Repeat, line for line, only the span that opens at the "典例8(连云港中考)在如图甲" line and closes at the final line below. Skip the pictures.
----- Given information
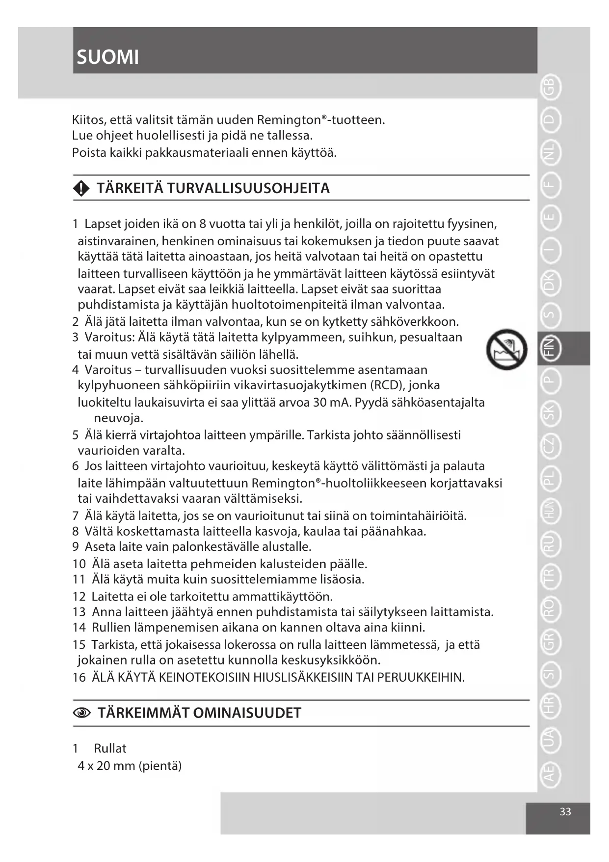 1 Lapset joiden ikä on 8 vuotta tai yli ja henkilöt, joilla on rajoitettu fyysinen, aistinvarainen, henkinen ominaisuus tai kokemuksen ja tiedon puute saavat käyttää tätä laitetta ainoastaan, jos heitä valvotaan tai heitä on opastettu laitteen turvalliseen käyttöön ja he ymmärtävät laitteen käytössä esiintyvät vaarat. Lapset eivät saa leikkiä laitteella. Lapset eivät saa suorittaa puhdistamista ja käyttäjän huoltotoimenpiteitä ilman valvontaa. 2 Älä jätä laitetta ilman valvontaa, kun se on kytketty sähköverkkoon. 3 Varoitus: Älä käytä tätä laitetta kylpyammeen, suihkun, pesualtaan tai muun vettä sisältävän säiliön lähellä. 4 Varoitus – turvallisuuden vuoksi suosittelemme asentamaan kylpyhuoneen sähköpiiriin vikavirtasuojakytkimen (RCD), jonka luokiteltu laukaisuvirta ei saa ylittää arvoa 30 mA. Pyydä sähköasentajalta neuvoja. 5 Älä kierrä virtajohtoa laitteen ympärille. Tarkista johto säännöllisesti vaurioiden varalta. 6 Jos laitteen virtajohto vaurioituu, keskeytä käyttö välittömästi ja palauta laite lähimpään valtuutettuun Remington®-huoltoliikkeeseen korjattavaksi tai vaihdettavaksi vaaran välttämiseksi. 7 Älä käytä laitetta, jos se on vaurioitunut tai siinä on toimintahäiriöitä. 8 Vältä koskettamasta laitteella kasvoja, kaulaa tai päänahkaa. 9 Aseta laite vain palonkestävälle alustalle. 10 Älä aseta laitetta pehmeiden kalusteiden päälle. 11 Älä käytä muita kuin suosittelemiamme lisäosia. 12 Laitetta ei ole tarkoitettu ammattikäyttöön. 13 Anna laitteen jäähtyä ennen puhdistamista tai säilytykseen laittamista. 14 Rullien lämpenemisen aikana on kannen oltava aina kiinni. 15 Tarkista, että jokaisessa lokerossa on rulla laitteen lämmetessä, ja että jokainen rulla on asetettu kunnolla keskusyksikköön. 16 ÄLÄ KÄYTÄ KEINOTEKOISIIN HIUSLISÄKKEISIIN TAI PERUUKKEIHIN.
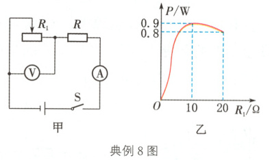 典例8(连云港中考)在如图甲所示的电路中,R为定值电阻,R1为滑动变阻器.如图乙所示为该滑动变阻器滑片从一端滑至另一端过程中变阻器的电功率与其电阻的关系图像.下列说法正确的是( )
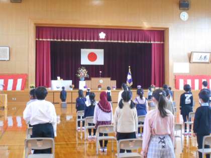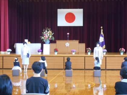 1年生は、元気に返事をしたり、しっかり話を聞いたりと、立派に式に参加することができました。
----------
◆ Answer below ◆
 典例8(连云港中考)在如图甲所示的电路中,R为定值电阻,R1为滑动变阻器.如图乙所示为该滑动变阻器滑片从一端滑至另一端过程中变阻器的电功率与其电阻的关系图像.下列说法正确的是( )
 1年生は、元気に返事をしたり、しっかり話を聞いたりと、立派に式に参加することができました。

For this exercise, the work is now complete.